Через пять минут, — точней в семь часов сорок пять минут, — мы, все четверо, сидели за ужином, который — я утверждаю — мог сотворить только повар Новичка, а вина были достойны папских трапез. Тот, кто оскорблен в лучших чувствах до последней крайности, напоминает тифозного больного. Вопросов не задает, глотает то, что перед ним ставят, и его не сбить с темы, обычно глупой. Но еда и питье — лучшие лекарства. Бутыль восьмидесятилетнего бренди (Умник-то по своему обыкновению налегал на бургундское) растопила сердце Вонтнера под моей рубашкой. Со мной он вел себя по-хамски, в оксфордских традициях: раз я видел его в мешке, надо было поставить меня на место; но Умнику и Новичку, пока я любовался издали собственным вечерним туалетом, он отчетливо разъяснил план мести. Даже привел кое-какие выдержки из будущих газетных статей, и не заткни мне рот Умник, я бы расхвалил стиль.

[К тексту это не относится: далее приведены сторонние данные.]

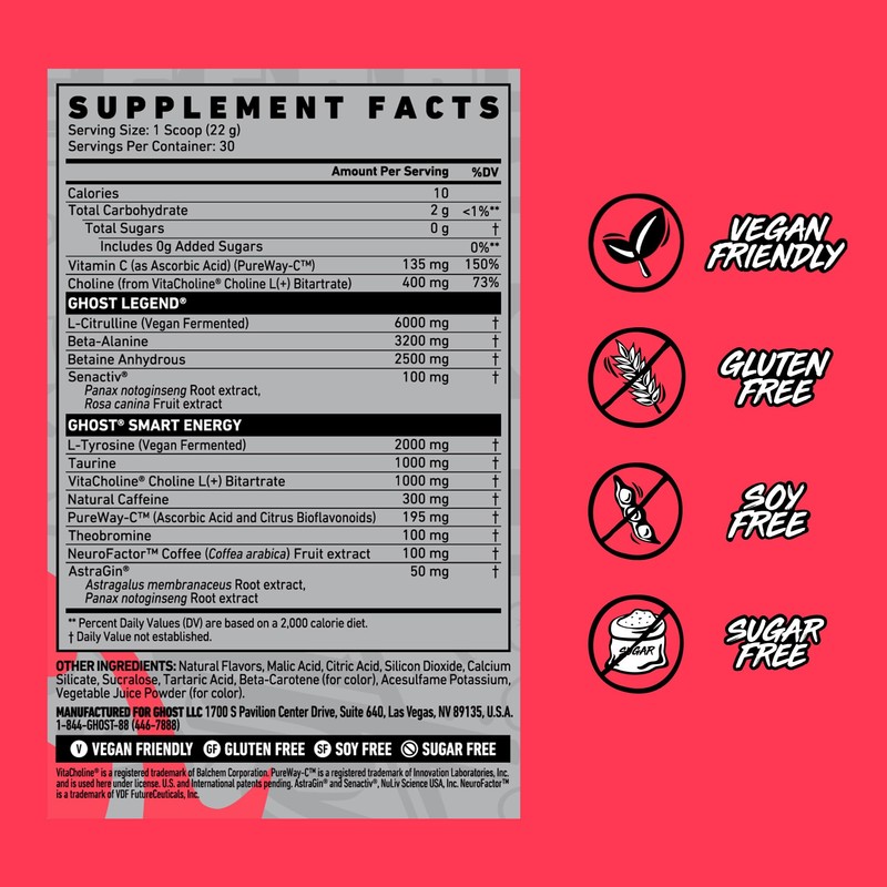 - Total Transparency: All GHOST products feature a transparent label that fully discloses the dose of each active ingredient. Zero proprietary blends means you know what you're getting in each and every scoop. GHOST Legend is vegan friendly, gluten free, soy free, and sugar free.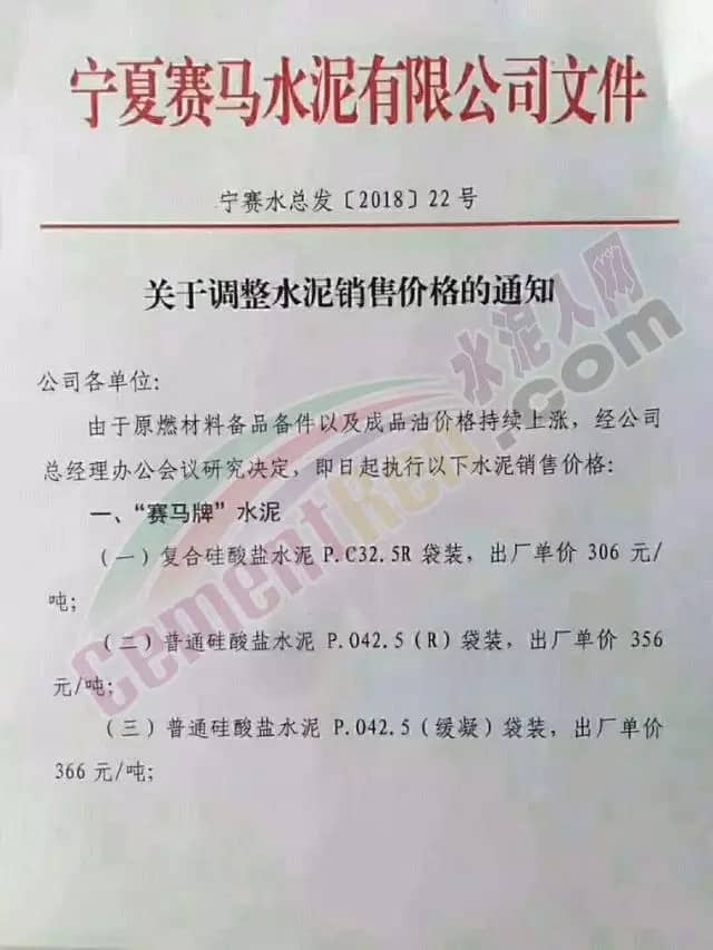 水泥人網(wǎng)通訊員消息,近期寧夏地區(qū)多家企業(yè)也發(fā)布了調(diào)價(jià)通知,其中區(qū)域主導(dǎo)企業(yè)賽馬水泥調(diào)價(jià)通知稱:由于原燃材料備品備件以及成品油價(jià)格持續(xù)上漲,經(jīng)公司總經(jīng)理辦公室會(huì)議研究決定,即日起公司旗下“賽馬”牌、“雙鹿”牌執(zhí)行新發(fā)布價(jià)格。寧東分廠出廠的各品種水泥出廠價(jià)以此基礎(chǔ)上再上調(diào)10元/噸。調(diào)價(jià)通知如下: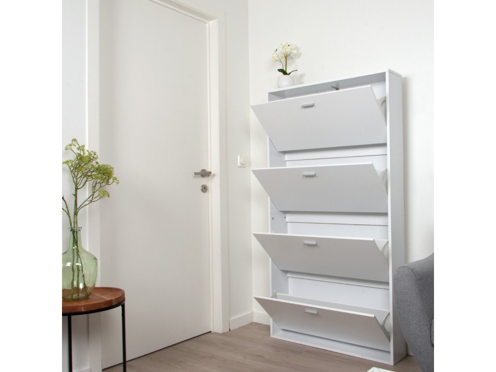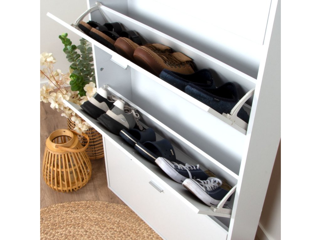 Dvířka se otevírají pomocí šedých úchytek a každé dvířka pojmou přibližně tři páry bot. To znamená, že do skříně můžete uložit celkem přibližně 12 párů bot . Organizér na boty Milton & Oldbrook je vyroben z bílé MDF . Zkombinujte ho s rostlinou, taburetem nebo zrcadlem a okamžitě dodáte vaší chodbě nebo šatně stylový nádech. Úložná skříň Maribor je 80 cm široká, 18 cm hluboká a 152 cm vysoká.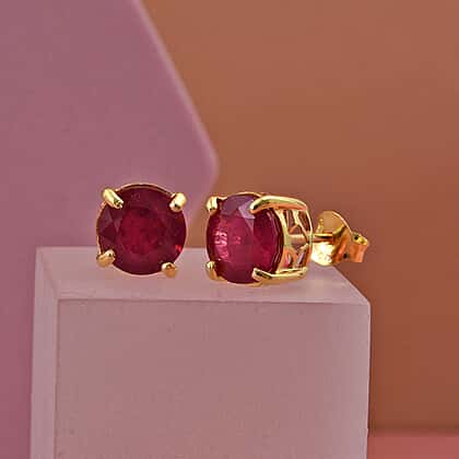 D'Joy African Ruby Solitaire Stud Push Post Earring in Yellow Gold Plated Sterling Silver 5.00 Ct.
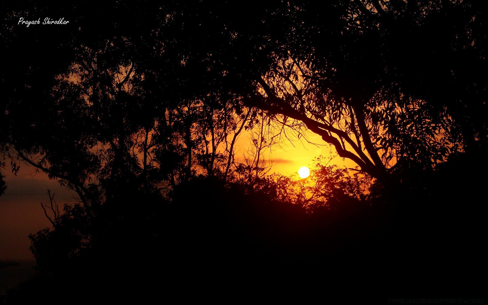 Pomarańczowy świt oświetlający drzewo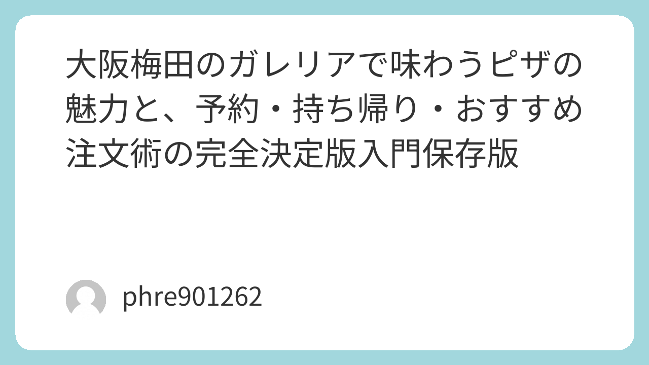 大阪梅田のガレリアで味わうピザの魅力と、予約・持ち帰り・おすすめ注文術の完全決定版入門保存版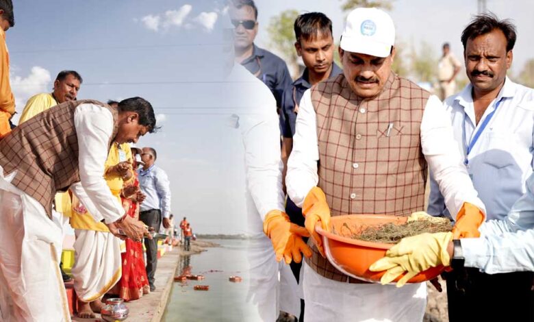 मुख्यमंत्री डॉ. यादव ने जलदूतों के साथ जल गंगा संवर्धन अभियान में राजगढ़ जिले के सारंगपुर में किया श्रमदान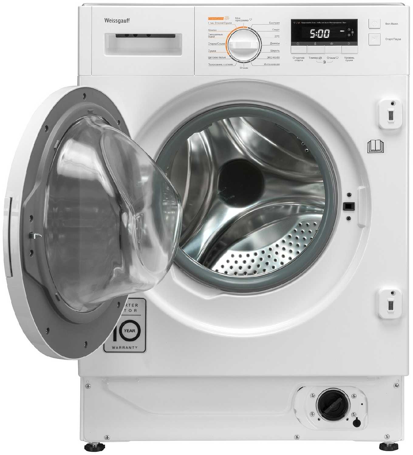 Отзывы о надёжности противоречивы: часть владельцев пользуются техникой 4+ года без поломок, другие сталкиваются с выходом из строя сушки (ошибка Е3А), протечками люка или износом подшипников через 1-2 года. Гарантийный ремонт не всегда эффективен, особенно при браке комплектующих. -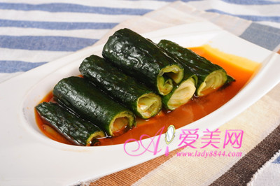 功效:三丝中的豆皮富含蛋白质,这些蛋白质可以帮助小肠进行快速地消化和吸收作用,同时还可以让黏在小肠上的细胞脱落,恢复小肠的循环运动的畅通状态。而海带作为一种富有营养价值的食物,除了可以帮助排毒消化之外,还同时具有良好的美容养颜功效,因此是夏日最受欢迎的一种食物之一。粉丝,则可以增加人的饱足感,帮助控制食欲。因此当这三样食物何为一体的时候,就可以控制食欲,并且还可以起到润肠通便、消化排毒的功效,这样,减肥瘦身也不再是一件难事了。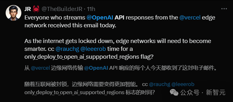 所有通过Vercel边缘网络访问OpenAI API的开发者今天全部收到了邮件。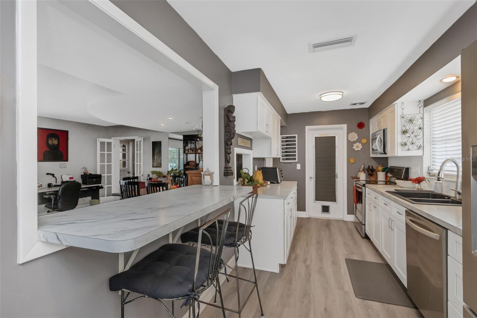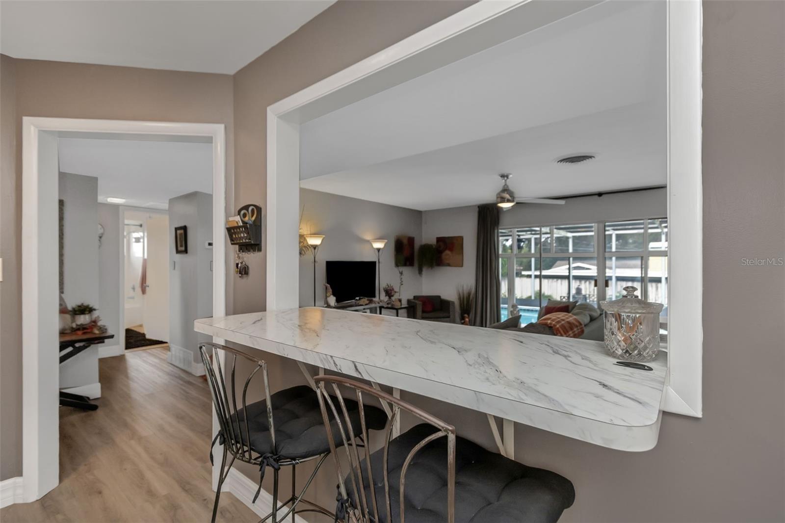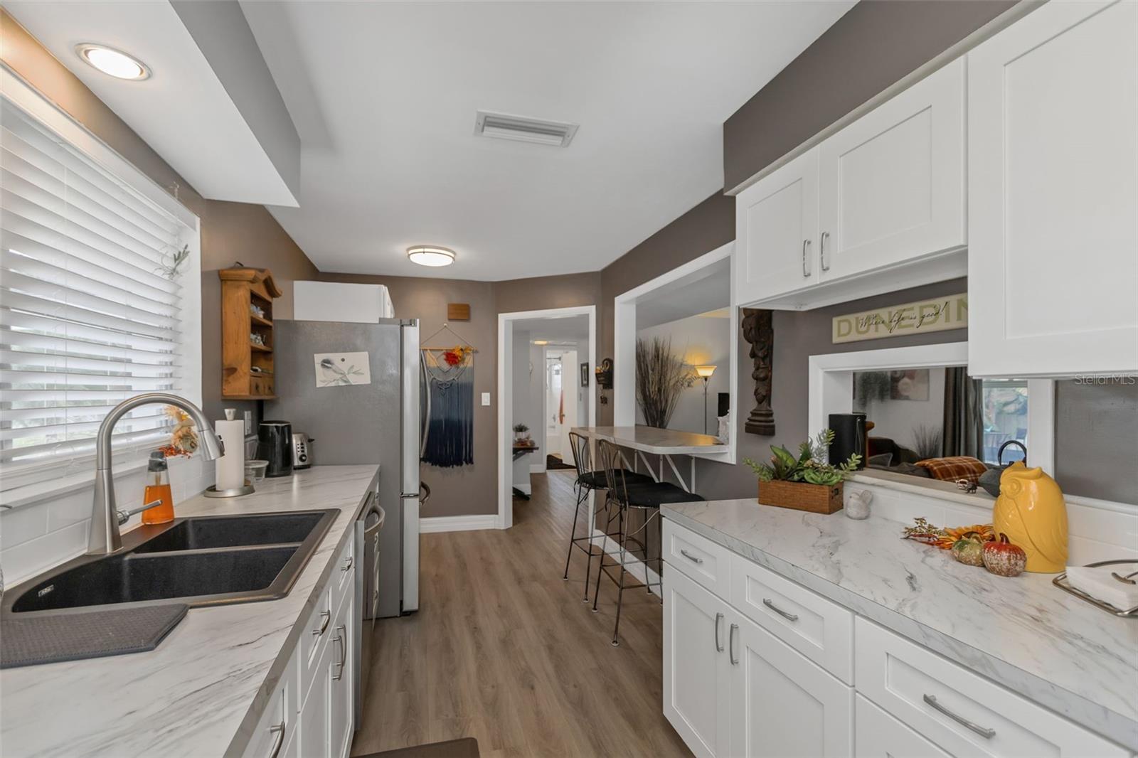 Bem -vindo ao Fairway Estates! Esta popular comunidade de Dunedin fica na zona do carrinho de golfe e fica a cerca de 800 metros do Dunedin Golf Club, Highlander Park, Hammock Park, Pinellas Trail e Dunedin Causeway. Esta casa lindamente mantida possui 3 camas, 2 banheiros, 1 garagem para carros, uma grande sala de Flórida fechada e uma exibição em Lanai com piscina. Dentro, você encontrará um layout de plano dividido com a sala de estar e a cozinha de passe no meio. A sala de estar é leve e brilhante, com pisos mais recentes em toda a sala de estar principal. A cozinha foi atualizada com armários de estilo suave e de perto e aparelhos mais novos. Isso deixa algumas atualizações, como os banheiros e a área da piscina, para o novo proprietário adicionar seu toque pessoal. Dois quartos e um banho no lado esquerdo da casa, enquanto a suíte master fica à direita. Observe que o quarto principal está no mesmo nível que o Lanai, então há 2 etapas para baixo nele. Ele também tem sua própria entrada do convés traseiro, para que possa ter potencial como uma suíte de sogros. As portas de vidro deslizantes da sala de estar são uma enorme sala da Flórida com todas as janelas de vidro e controles deslizantes. Em seguida, as portas de vidro deslizantes da sala da Flórida são um grande lanai com uma piscina. Ou você pode procurar remover todos os controles deslizantes à beira da piscina para criar uma área aberta incrivelmente grande com inúmeras oportunidades (cozinha ao ar livre?). O espaço divertido se estende da Lanai para o convés, que seria um local perfeito para uma área de conversa em torno de um pico de incêndio. O restante do cercado no quintal, e há muita coisa, está cheia de paisagismo delicioso e maduro e uma grande área gramada para jogos, um jardim ou (preencha o espaço em branco). Sem HOA e não em uma zona de inundação !! ** TELHO 2018 ** A/C 2018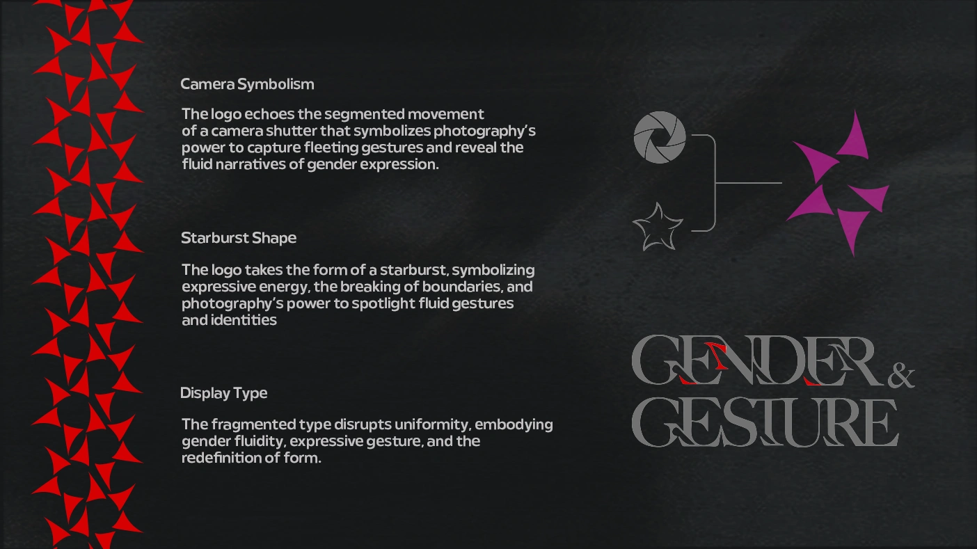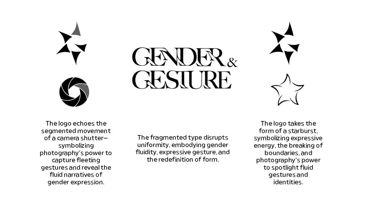 This project focuses on branding for Gender & Gesture, an event centered on identity, expression, and movement. The visual identity was designed to reflect the fluidity and dynamism of gender expression, using bold graphic elements and a strong conceptual foundation. At the heart of the branding is a distinctive logo-a stylized 'G' bursting outward like a star. This form symbolizes transformation, energy, and the breaking of societal boundaries, reinforcing the event's message of inclusivity and self-expression. The typography and supporting visuals further enhance the sense of motion and evolution.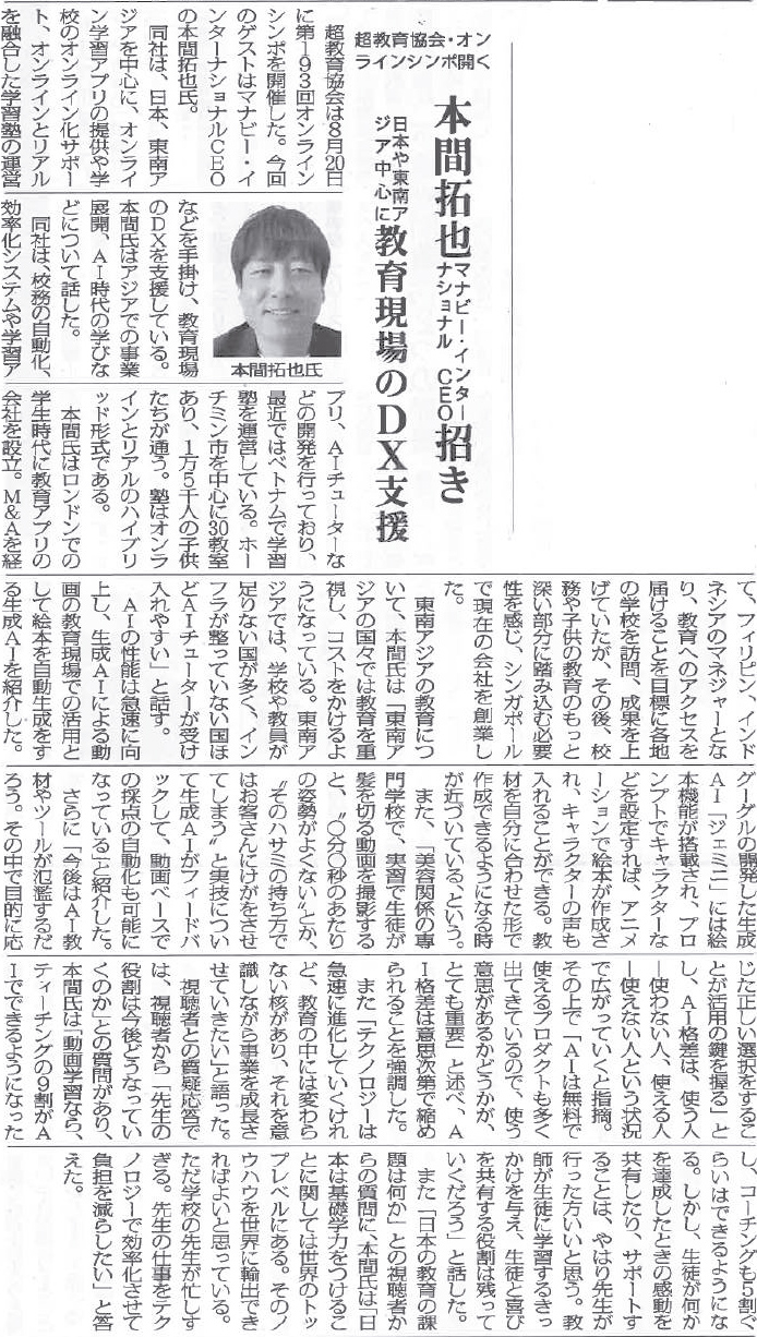 全私学新聞に第193回オンラインシンポ「生成AIによるデジタル教育~これからの時代の学びとは」について掲載 メディア|メディア掲載 2025.8.20 Wed 全私学新聞 令和7年8月20日 超教育協会・オンラインシンポ開く 本間拓也マナビーインターナショナルCEO招き 日本や東南アジア中心に教育現場のDX支援

— Надо бы с них еще возмещенье убытков содрать, — сказал Умник, когда мистер Вонтнер обрисовал свои законные права.
— С-сэр, — мистер Вонтнер приложился к рюмке, — такие вещи не принято обсуждать в хорошем обществе, но, уверяю вас, мы, Вонтнеры, — он помахал холеной ручкой, — нисколько не нуждаемся в презренном металле.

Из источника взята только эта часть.